Common confusion: The player called second base does not stand on second base all the time. They usually start between first and second.
Third Base
Guards the left side of the infield and reacts quickly to hard hits, bunts, and runners near third.
Responsibilities: Fields bunts or grounders, covers third, makes throws across the diamond, watches for runners trying to advance, and protects the line.
Key skills: Reaction time, strong throws, courage on hard-hit balls, bunt awareness, and staying ready.
Watch for: Watch third base on bunts, steals, and force plays when runners are moving toward home.
Common confusion: Parents may expect every ball to be thrown to first. With runners near home, third base may need to look at the lead runner first.
Shortstop
Plays between second and third and is often involved in ground balls, force plays, and relays.
Responsibilities: Fields balls on the left side, covers second on selected plays, takes relay throws, communicates with infielders, and helps choose the best out.

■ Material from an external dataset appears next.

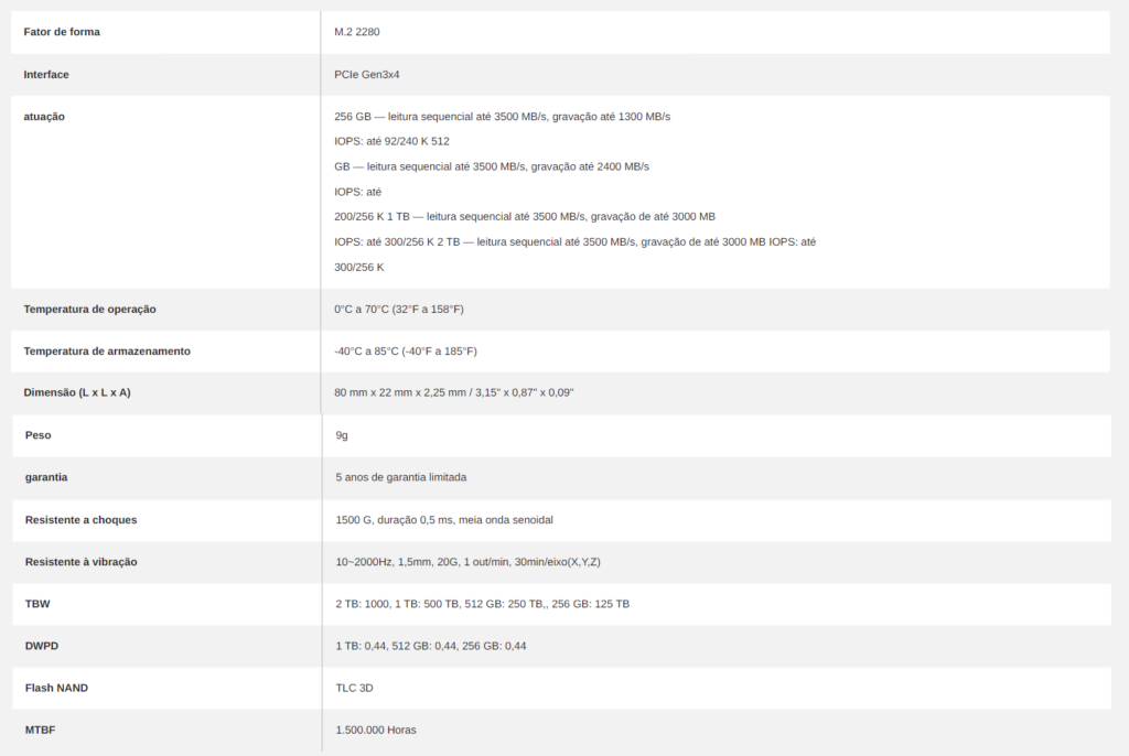 A placa é suportada pelo padrão de tecnologia PCIe Gen3x4 NVMe 1.4 e é feita com o mais recente flash 3D NAND. No que se refere ao armazenamento, o produto chega com opções de tamanho que vão de 256GB até 2TB. Confira abaixo as principais informações sobre o produto:

Key skills: Range, throwing, glove work, communication, and quick decisions with runners on base.
Watch for: Watch how shortstop moves before the pitch and whether they cover second or field the ball depending on the play.
Common confusion: Shortstop can look busy because they have several jobs. Missing a throw across a youth field is common while players learn distance and timing.
Left Field
Covers the outfield area behind third base and shortstop.
Responsibilities: Fields fly balls and ground balls, backs up throws to third, returns the ball quickly to the infield, and keeps runners from taking extra bases.
Key skills: Tracking the ball, throwing to the cutoff player, staying ready, and backing up plays.
Watch for: Watch whether the left fielder moves toward the ball and throws to a cutoff player instead of holding it.
Common confusion: Outfield is not a waiting spot. On a smaller youth field, outfielders can save runs by backing up infield throws and returning the ball quickly.
Center Field
Covers the middle of the outfield and often has the most ground to protect.
Responsibilities: Tracks balls to either gap, backs up second base, communicates with other outfielders, and throws to the correct relay player.
Key skills: Speed, communication, catching fly balls, throwing accuracy, and reading the ball off the bat.
Watch for: Watch center field on hits between outfielders and on throws that need a relay back toward the infield.
Common confusion: Center field may call for balls near other outfielders because they can see the whole play developing.
Right Field
Covers the outfield area behind first and second, where many beginner hits and throws can still matter.
Responsibilities: Fields hits to the right side, backs up first base throws, returns the ball to the infield, and prevents extra bases.
Key skills: Staying ready, fielding ground balls, throwing to the cutoff, and backing up first base.
Watch for: Watch right field on throws to first. A backed-up overthrow can keep a runner from circling extra bases, especially on small fields.
Common confusion: Right field is not unimportant in youth softball. Many new hitters push balls that way, and overthrows to first are common.
Utility Player
A youth player who rotates through several spots while learning softball responsibilities.
Responsibilities: Learns basic infield, outfield, batting-order, dugout, and baserunning jobs as assigned by the coach.
Key skills: Listening, adaptability, effort, safe throws, and knowing where to stand before each pitch.
Watch for: Watch how players rotate between positions across innings, especially in development leagues.
Common confusion: Position changes are usually normal learning and fairness, not punishment. Many youth leagues encourage rotation before players specialize.